#### EXTRACTED DATA ####

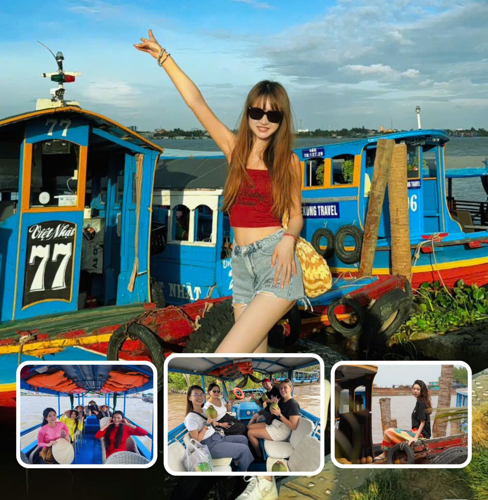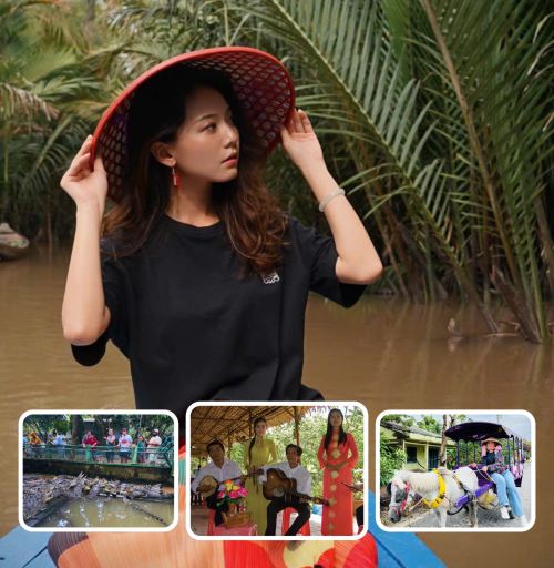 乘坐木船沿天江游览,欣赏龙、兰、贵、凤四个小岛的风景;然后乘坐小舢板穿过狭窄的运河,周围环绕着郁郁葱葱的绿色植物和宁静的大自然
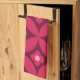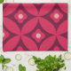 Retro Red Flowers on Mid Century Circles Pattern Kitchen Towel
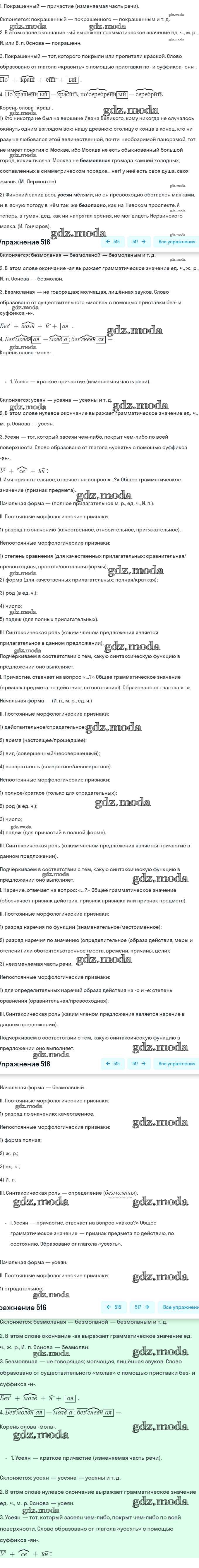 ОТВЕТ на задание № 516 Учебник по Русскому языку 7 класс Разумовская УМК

####
#### EXTRACTED DATA ####

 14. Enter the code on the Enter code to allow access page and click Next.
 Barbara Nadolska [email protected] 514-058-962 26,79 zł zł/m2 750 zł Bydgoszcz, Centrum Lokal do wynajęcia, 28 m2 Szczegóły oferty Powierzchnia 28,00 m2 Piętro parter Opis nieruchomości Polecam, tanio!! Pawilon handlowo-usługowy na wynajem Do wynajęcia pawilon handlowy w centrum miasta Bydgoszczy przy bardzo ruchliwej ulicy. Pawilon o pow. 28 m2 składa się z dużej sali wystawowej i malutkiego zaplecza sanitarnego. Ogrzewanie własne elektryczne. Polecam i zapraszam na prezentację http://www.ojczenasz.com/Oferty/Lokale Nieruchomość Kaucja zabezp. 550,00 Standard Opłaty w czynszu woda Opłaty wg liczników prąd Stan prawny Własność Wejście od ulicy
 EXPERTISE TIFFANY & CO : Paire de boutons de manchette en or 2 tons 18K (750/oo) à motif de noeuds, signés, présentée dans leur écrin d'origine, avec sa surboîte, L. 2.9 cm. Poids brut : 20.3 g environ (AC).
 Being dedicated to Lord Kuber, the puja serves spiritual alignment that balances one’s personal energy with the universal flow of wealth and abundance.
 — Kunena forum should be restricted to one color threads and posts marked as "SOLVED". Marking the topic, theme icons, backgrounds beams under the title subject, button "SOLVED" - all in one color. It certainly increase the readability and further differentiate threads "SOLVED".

####

PROBLEM REQUIREMENTS → Within the material above, only the stretch from the line holding "乘坐木船沿天江游览,欣赏龙、" through the line holding "ОТВЕТ на задание" is to be restated exactly. Pictures are dropped.

YOUR RESPONSE →
 乘坐木船沿天江游览,欣赏龙、兰、贵、凤四个小岛的风景;然后乘坐小舢板穿过狭窄的运河,周围环绕着郁郁葱葱的绿色植物和宁静的大自然
 Retro Red Flowers on Mid Century Circles Pattern Kitchen Towel
 ОТВЕТ на задание № 516 Учебник по Русскому языку 7 класс Разумовская УМК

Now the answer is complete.